_DATA RECORDS:_
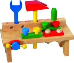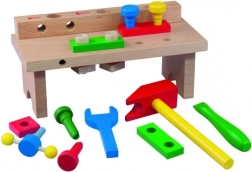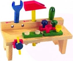 Masa de lucru din lemn cu unelte Detoa este o bază excelentă pentru micii meșteri. Copiii învață manipularea de bază a instrumentelor, își antrenează coordonarea mână-ochi și își dezvoltă gândirea logică prin înșurubare și asamblare.
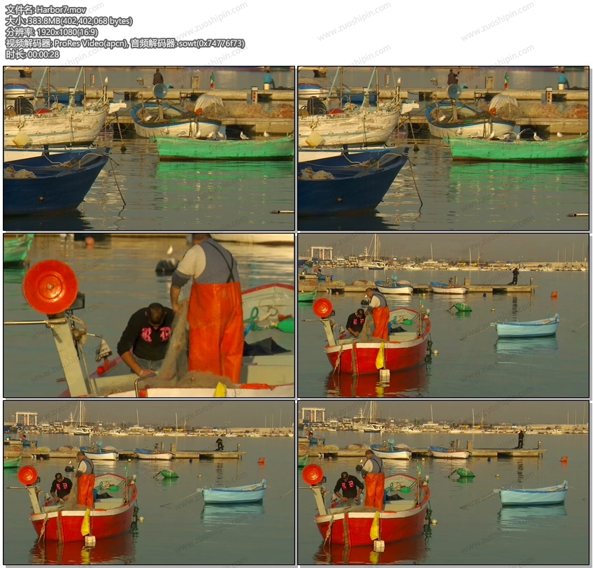 渔夫和船在港口 一个充满小船的港口和一些渔民为了诱饵而固定他们的铸件。
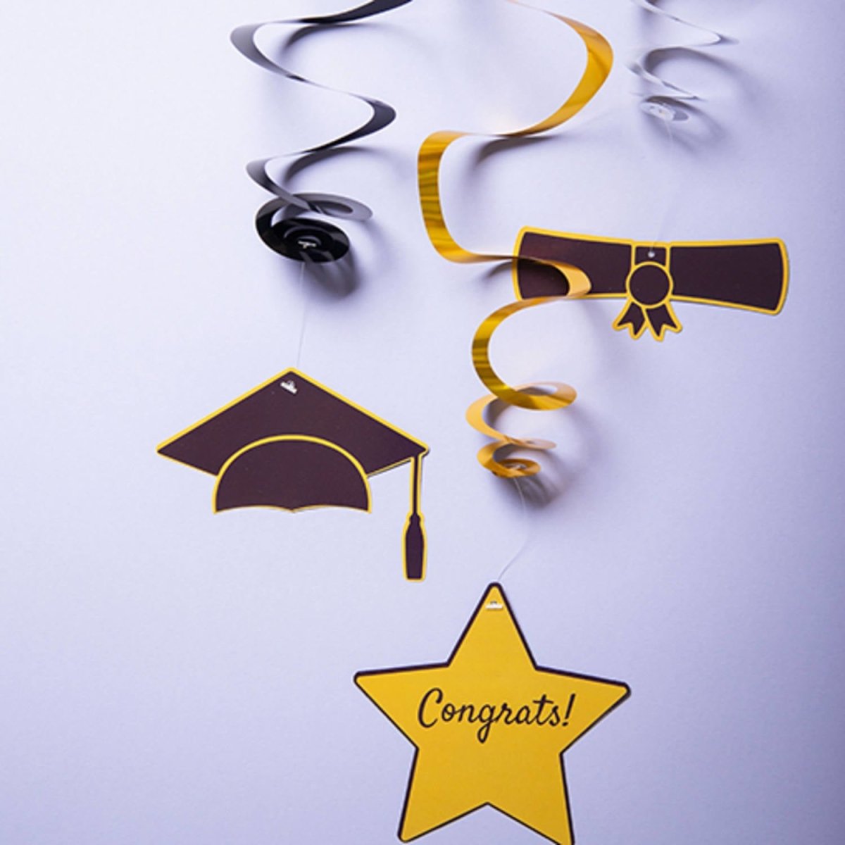 Ripustettava koriste Academic Elegance - 3 kpl. Sisältö: 3 kpl ripustettavaa koristetta. Väri: Monivärinen. Käytetään esimerkiksi seuraavissa juhlissa/juhlatilaisuuksissa: Valmistujaiset. Riipukset on painettu molemmin puolin. Tuote on valmistettu paperista.
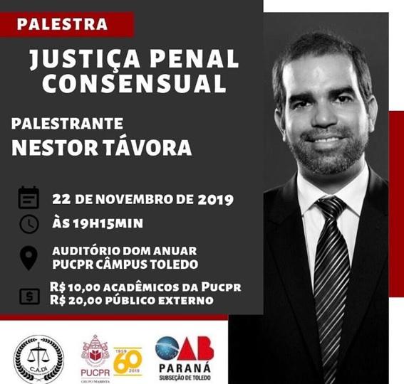 A Pontifícia Universidade Católica do Paraná Câmpus Toledo recebe a palestra “A Justiça Penal Consensual” conduzida pelo renomado jurista Nestor Távora. Para a coordenadora do Curso de Direito da PUCPR Câmpus Toledo, Vanessa Orlandi, Nestor Távora representa a inovação da forma de condução do processo penal com a base garantista dos direitos fundamentais. “Ele cortou a visão do legalismo extremista, trazendo uma nova ótica do direito penal humanizado, discutindo seus efeitos em todas as esferas jurídicas e sociais”, afirma.
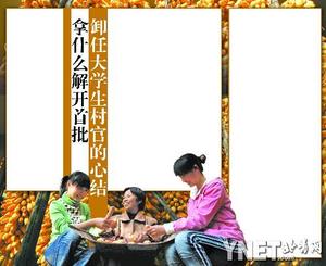今年,首批村官服務期滿。來自部分區縣人事部門的統計顯示,首批大學生“村官”將有10%進入鄉鎮政府的事業編制、10%續聘村官助理職務,其余80%選擇卸任另謀出路。
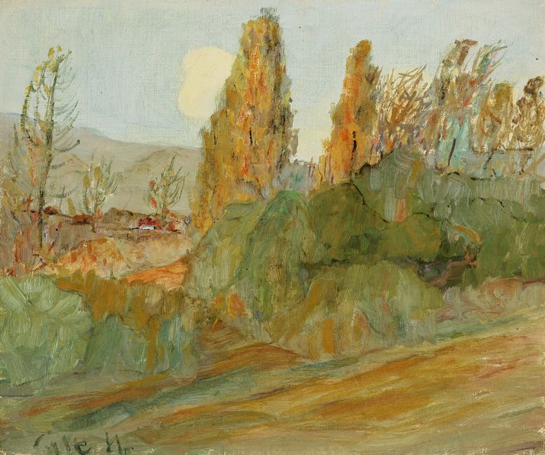 Oil on canvas laid to board
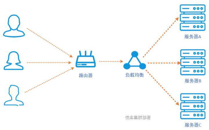 通过使用多台服务器,进行集群化部署,利用负载均衡机制分散处理原单台服务器的访问压力,集群化服务器访问图例:

_ASSIGNMENT:_ Each entry must be retyped word for word, with every image omitted.

_TASK RESULT:_
 Masa de lucru din lemn cu unelte Detoa este o bază excelentă pentru micii meșteri. Copiii învață manipularea de bază a instrumentelor, își antrenează coordonarea mână-ochi și își dezvoltă gândirea logică prin înșurubare și asamblare.
 渔夫和船在港口 一个充满小船的港口和一些渔民为了诱饵而固定他们的铸件。
 Ripustettava koriste Academic Elegance - 3 kpl. Sisältö: 3 kpl ripustettavaa koristetta. Väri: Monivärinen. Käytetään esimerkiksi seuraavissa juhlissa/juhlatilaisuuksissa: Valmistujaiset. Riipukset on painettu molemmin puolin. Tuote on valmistettu paperista.
 A Pontifícia Universidade Católica do Paraná Câmpus Toledo recebe a palestra “A Justiça Penal Consensual” conduzida pelo renomado jurista Nestor Távora. Para a coordenadora do Curso de Direito da PUCPR Câmpus Toledo, Vanessa Orlandi, Nestor Távora representa a inovação da forma de condução do processo penal com a base garantista dos direitos fundamentais. “Ele cortou a visão do legalismo extremista, trazendo uma nova ótica do direito penal humanizado, discutindo seus efeitos em todas as esferas jurídicas e sociais”, afirma.
今年,首批村官服務期滿。來自部分區縣人事部門的統計顯示,首批大學生“村官”將有10%進入鄉鎮政府的事業編制、10%續聘村官助理職務,其余80%選擇卸任另謀出路。
 Oil on canvas laid to board
 通过使用多台服务器,进行集群化部署,利用负载均衡机制分散处理原单台服务器的访问压力,集群化服务器访问图例:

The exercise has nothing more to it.